Читаем без скачивания Только не дворецкий. Золотой век британского детектива - Герберт Аллен
Шрифт:
Интервал:
Закладка:
Она взялась за перо где-то в конце двадцатых, а в 1931 году Вудхауз уже писал своему другу Денису Макейлу, что его дорогая дочурка «и правда здорово пишет и сейчас, слава богу, не на шутку этим увлеклась. У нее это выходит страшно обаятельно, и если она будет продолжать в том же духе, успех ей обеспечен». Опасаясь, как бы не оказаться в тени громкого имени отчима, и желая узнать истинную цену своему творчеству, Леонора стала прибегать к псевдонимам и прочим уловкам. «Она написала рассказ и отправила его в журнал „Америкэн“, не подписавшись, — делился Вудхауз с Макейлом, — чтобы мое сотрудничество в „Америкэне“ никак не повлияло на решение редакторов, — так вот, все четыре редактора дали восторженные отзывы, заплатили за рассказ 300 долларов и просят еще, да побольше…»

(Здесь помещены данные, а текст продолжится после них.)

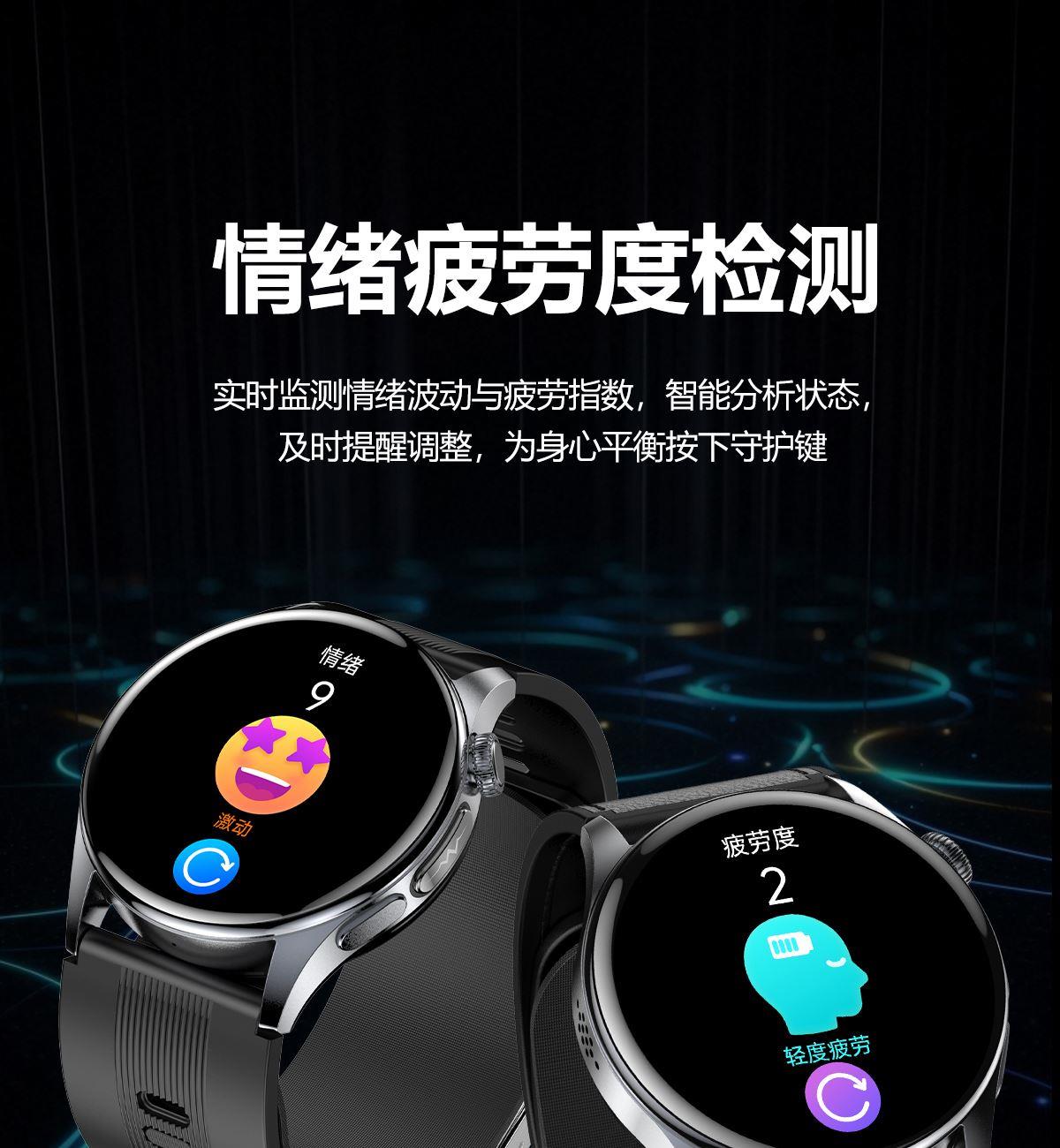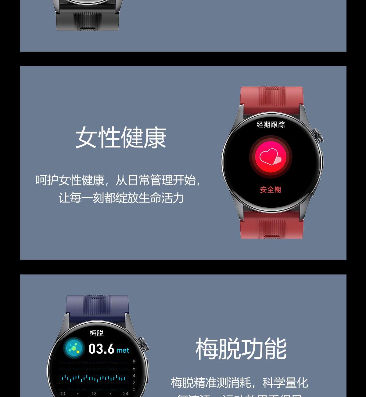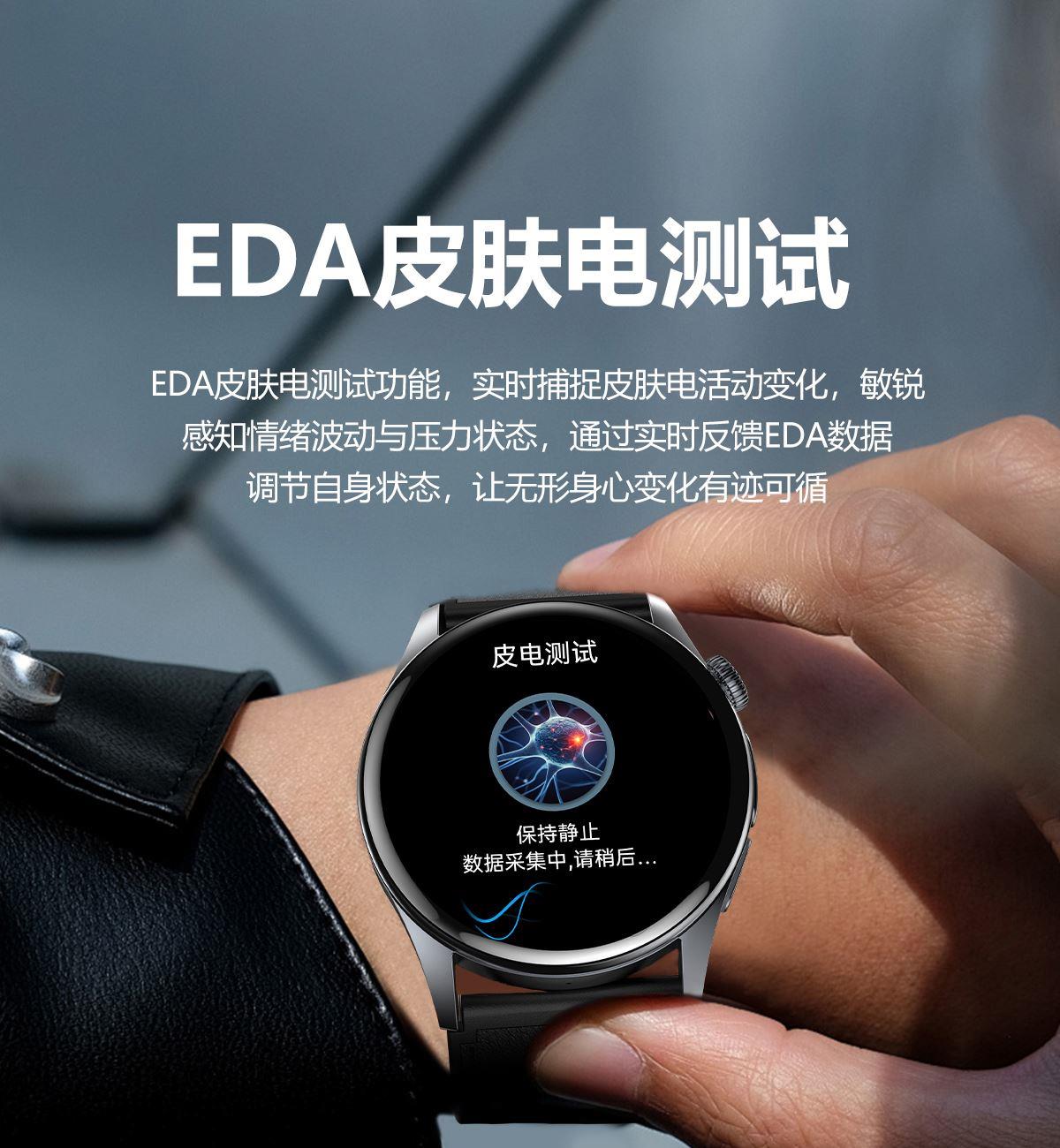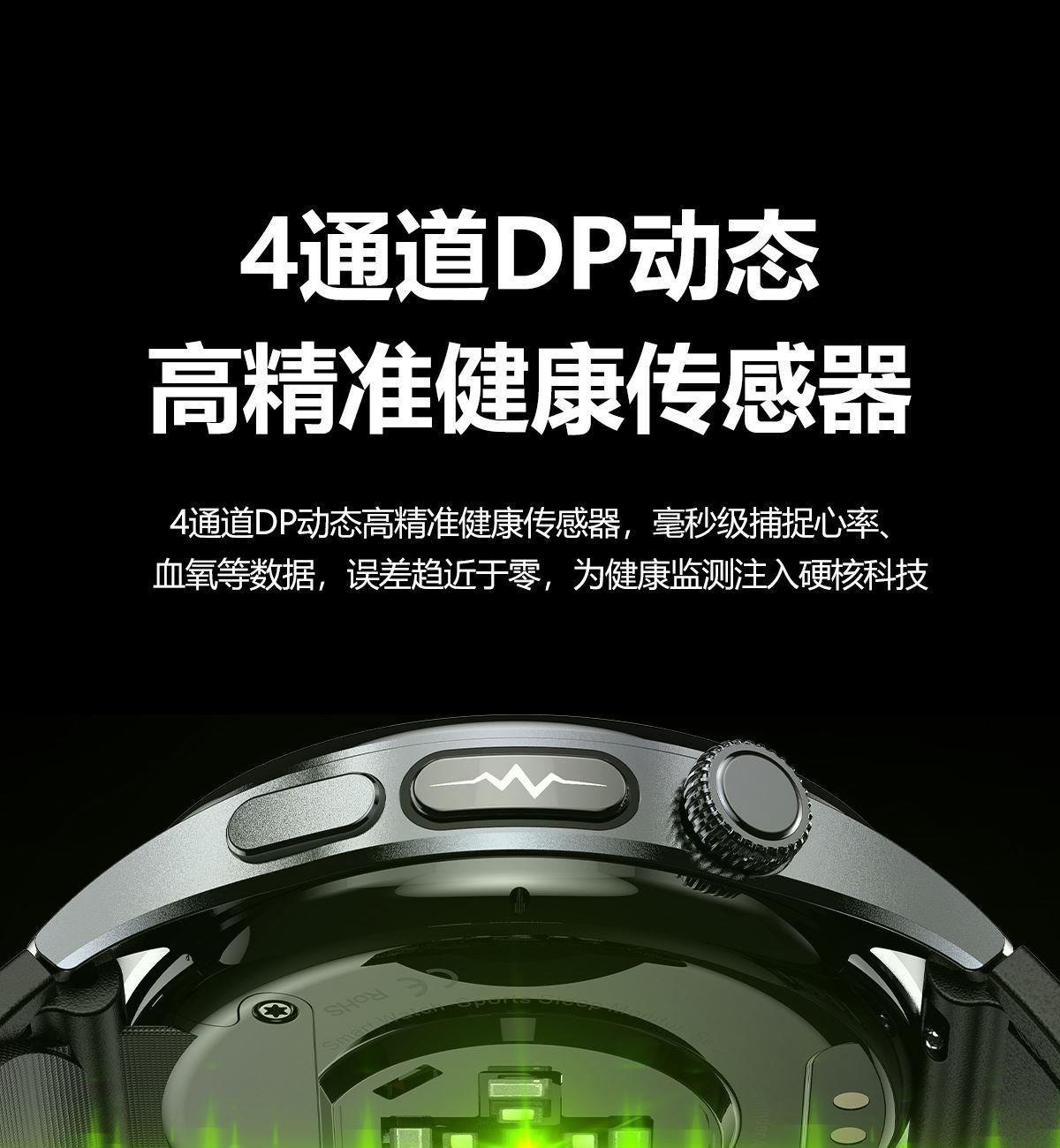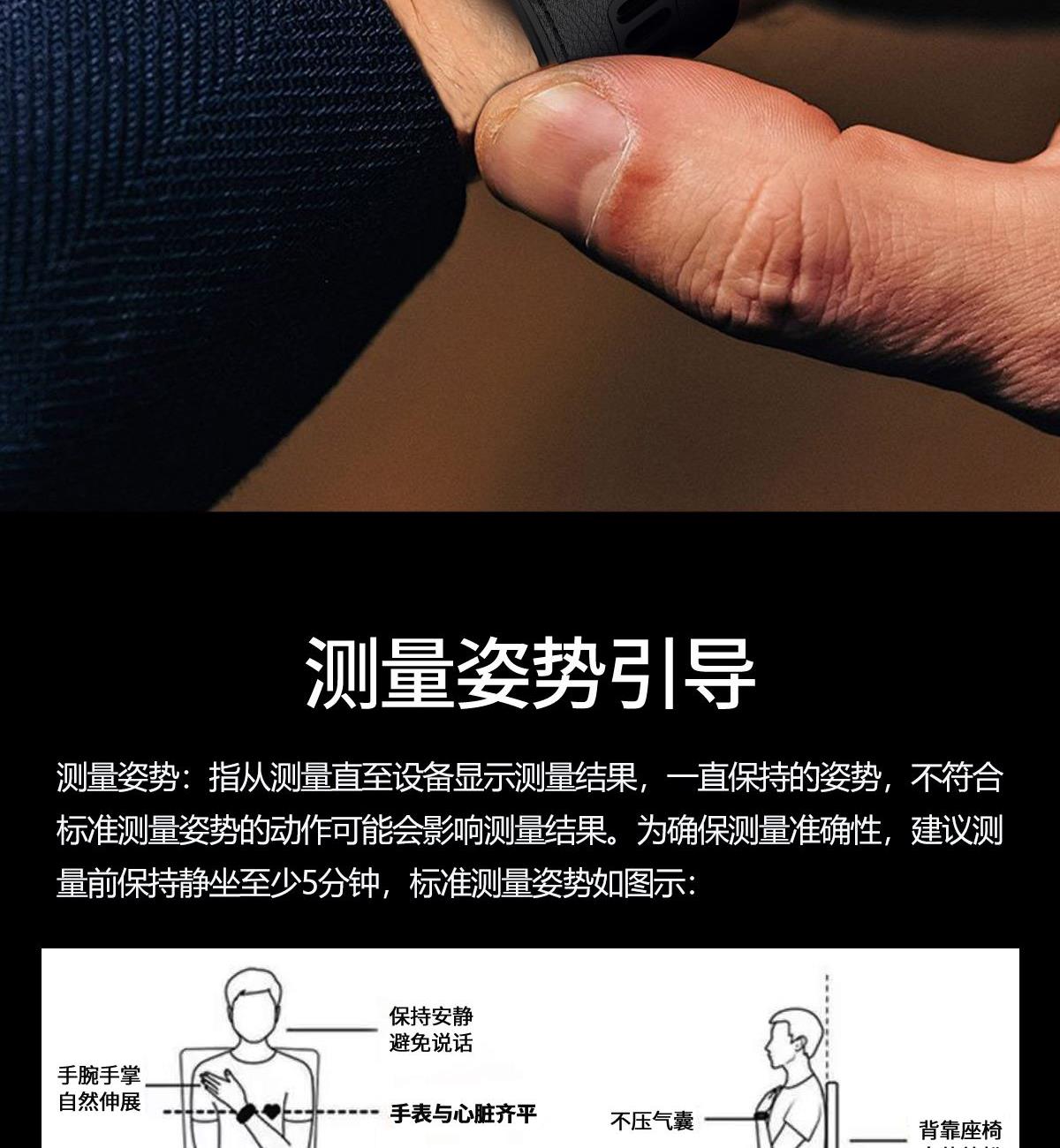 1. 采用日本村田高精密压电陶瓷气泵,血压测试稳定,一致性好,精量姿势判断、错误姿势、错误结果过滤和提醒。(密封墙体,防水性能也更好) 2. 采用Ti4950进口级芯片+纳米超导心电玻璃,采集心电图更 3. 4PD多通道动态心率血氧监测,采集心率血氧更 4. 一键微tijian功能,情绪检测,疲劳度检测 5. EDA皮电功能(测试情绪和交感神经活跃度、抑郁症风险等) 6. 科学睡眠(24小时睡眠监测) 其他:智能语音助手,蓝牙通话,支付宝离线支付,NFC门禁,SOS紧急呼叫功能,身体成分(体脂BMI)、无创xuetang评估,血液成分评估(尿酸血脂功能),梅脱功能,血氧监测,血压监测,呼吸训练,女性健康,心率监测,体温监测,手电筒,计步/卡路里/距离,多运动模式,闹钟,息屏显示功能,天气预报,游戏,音乐播放和控制。

Письма Вудхауза проливают свет и на «творческую лабораторию» Леоноры. «Я очень рад, что тебе понравился рассказ Снорки, — пишет он тому же Макейлу в 1932 году, и дата письма позволяет предполагать, что речь идет о „Дознании“. — По-моему, он великолепен. До чего обидно, что она пишет с таким трудом! Кстати, ты никогда не видел ее черновиков? Выглядит это так: Снорки забирается в кровать со стопкой тонюсенькой бумаги и одним из тех карандашей, которые почти не оставляют следа, и где-то четыре часа пишет одну страницу. На следующий день она пишет еще страницу, половину обводит в круг и ставит на первой странице какую-то закорючку, чтобы показать, откуда это читать. Предполагается, что, прочтя обведенное, нужно вернуться к первой странице, прочесть ее до конца и перейти к остатку второй, вставляя при этом кусочек из четвертой. И все это ее жуткими каракулями. Зато получается хорошо. Пожалуйста, повлияй на нее, чтобы она не бросала писать…»
Однако надеждам Вудхауза не суждено было сбыться: литературный труд остался для Леоноры лишь временным увлечением. Зимой 1932 года она вышла замуж за Питера Казалета, друга семьи Вудхаузов, богатого наследника и страстного любителя конного спорта. Через два года у нее родилась дочь Шеран, еще через два — сын Эдвард. После рождения второго ребенка она мечтала о третьем, в мае 1944 года легла на легкую операцию в лондонскую больницу и там скоропостижно скончалась от неожиданных осложнений. Ей едва исполнилось сорок.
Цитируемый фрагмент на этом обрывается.